## REQUIREMENT
Extract each line of the material that follows exactly and omit its pictures.

## COLLECTED MATERIAL

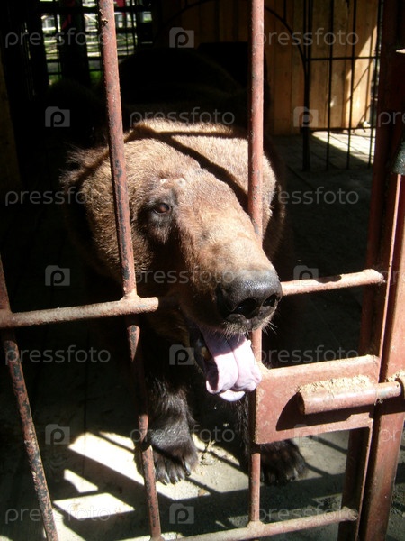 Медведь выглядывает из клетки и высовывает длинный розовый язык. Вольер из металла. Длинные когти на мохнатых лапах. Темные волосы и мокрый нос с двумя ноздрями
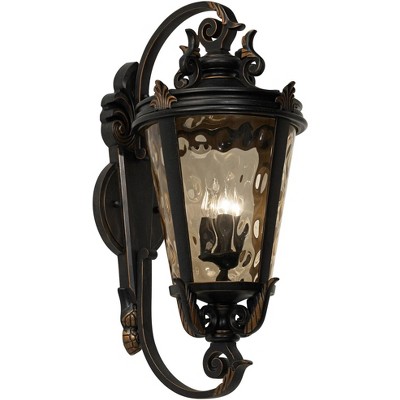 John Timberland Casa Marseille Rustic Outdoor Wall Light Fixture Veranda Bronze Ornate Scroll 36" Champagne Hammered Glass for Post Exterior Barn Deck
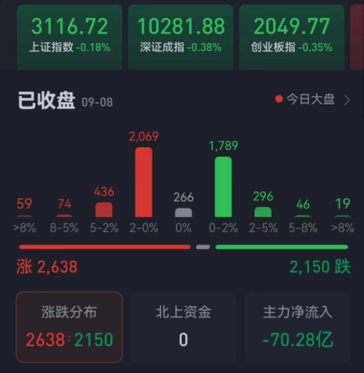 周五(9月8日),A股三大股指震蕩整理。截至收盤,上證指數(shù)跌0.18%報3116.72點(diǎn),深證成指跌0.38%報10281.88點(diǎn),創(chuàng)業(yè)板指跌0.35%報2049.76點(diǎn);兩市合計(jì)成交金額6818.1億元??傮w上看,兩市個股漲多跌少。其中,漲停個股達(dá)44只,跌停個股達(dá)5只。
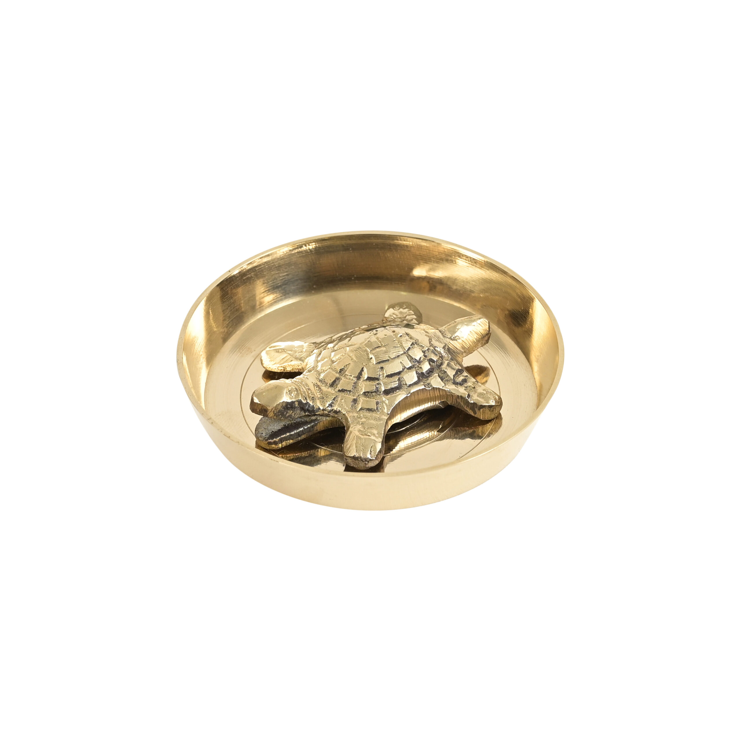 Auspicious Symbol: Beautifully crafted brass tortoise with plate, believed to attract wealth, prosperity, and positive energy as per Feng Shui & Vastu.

## WRITTEN RESPONSE
 Медведь выглядывает из клетки и высовывает длинный розовый язык. Вольер из металла. Длинные когти на мохнатых лапах. Темные волосы и мокрый нос с двумя ноздрями
 John Timberland Casa Marseille Rustic Outdoor Wall Light Fixture Veranda Bronze Ornate Scroll 36" Champagne Hammered Glass for Post Exterior Barn Deck
 周五(9月8日),A股三大股指震蕩整理。截至收盤,上證指數(shù)跌0.18%報3116.72點(diǎn),深證成指跌0.38%報10281.88點(diǎn),創(chuàng)業(yè)板指跌0.35%報2049.76點(diǎn);兩市合計(jì)成交金額6818.1億元??傮w上看,兩市個股漲多跌少。其中,漲停個股達(dá)44只,跌停個股達(dá)5只。
 Auspicious Symbol: Beautifully crafted brass tortoise with plate, believed to attract wealth, prosperity, and positive energy as per Feng Shui & Vastu.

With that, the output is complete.